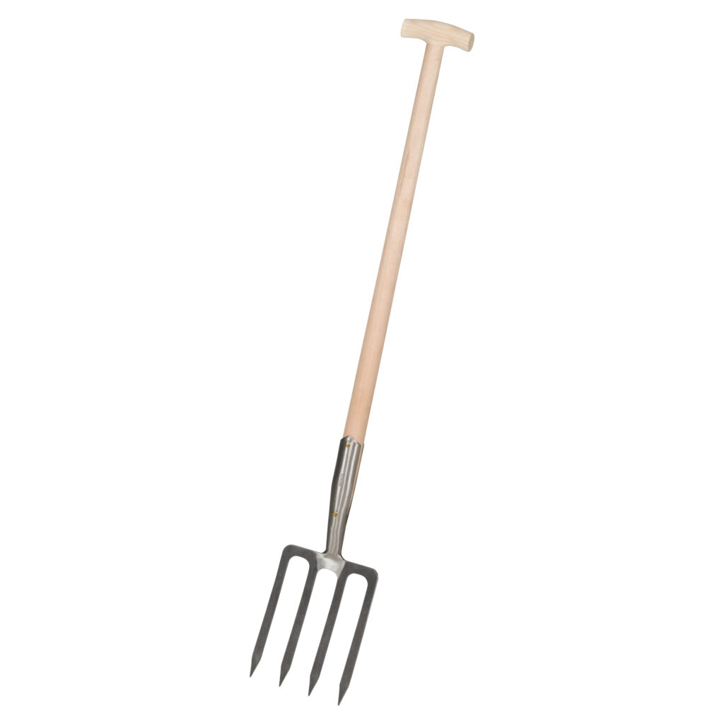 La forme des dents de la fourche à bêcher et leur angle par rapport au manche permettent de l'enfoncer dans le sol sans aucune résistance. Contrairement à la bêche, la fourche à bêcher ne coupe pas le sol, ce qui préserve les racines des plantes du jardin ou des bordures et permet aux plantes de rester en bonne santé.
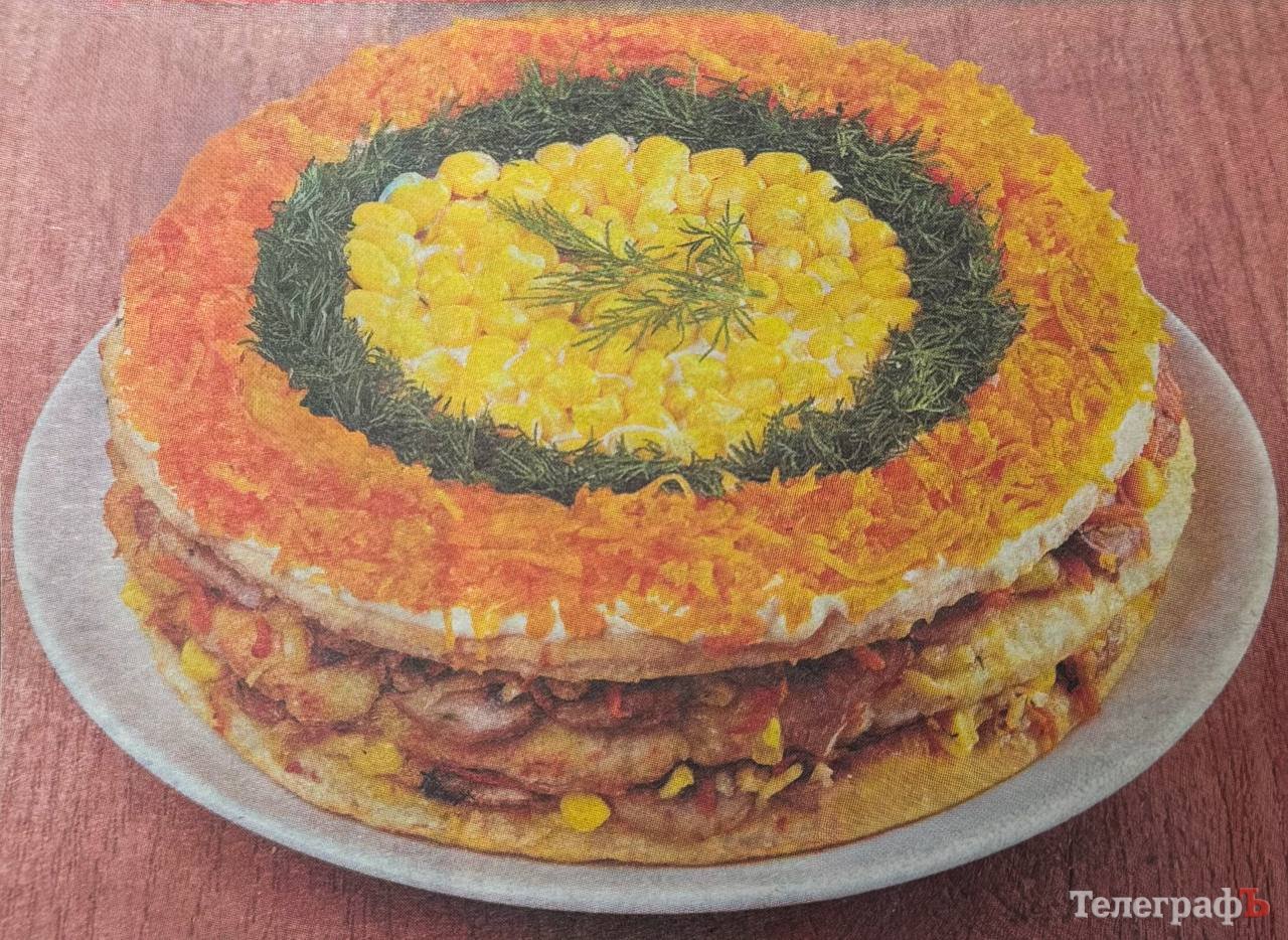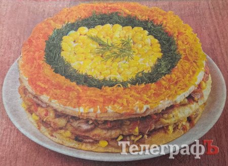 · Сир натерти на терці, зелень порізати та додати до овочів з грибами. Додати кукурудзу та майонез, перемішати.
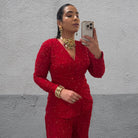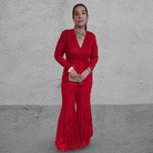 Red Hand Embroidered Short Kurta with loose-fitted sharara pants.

____________________

TASK INSTRUCTIONS =
Reprint the listing above verbatim but drop the images.

TASK RESPONSE =
 La forme des dents de la fourche à bêcher et leur angle par rapport au manche permettent de l'enfoncer dans le sol sans aucune résistance. Contrairement à la bêche, la fourche à bêcher ne coupe pas le sol, ce qui préserve les racines des plantes du jardin ou des bordures et permet aux plantes de rester en bonne santé.
 · Сир натерти на терці, зелень порізати та додати до овочів з грибами. Додати кукурудзу та майонез, перемішати.
 Red Hand Embroidered Short Kurta with loose-fitted sharara pants.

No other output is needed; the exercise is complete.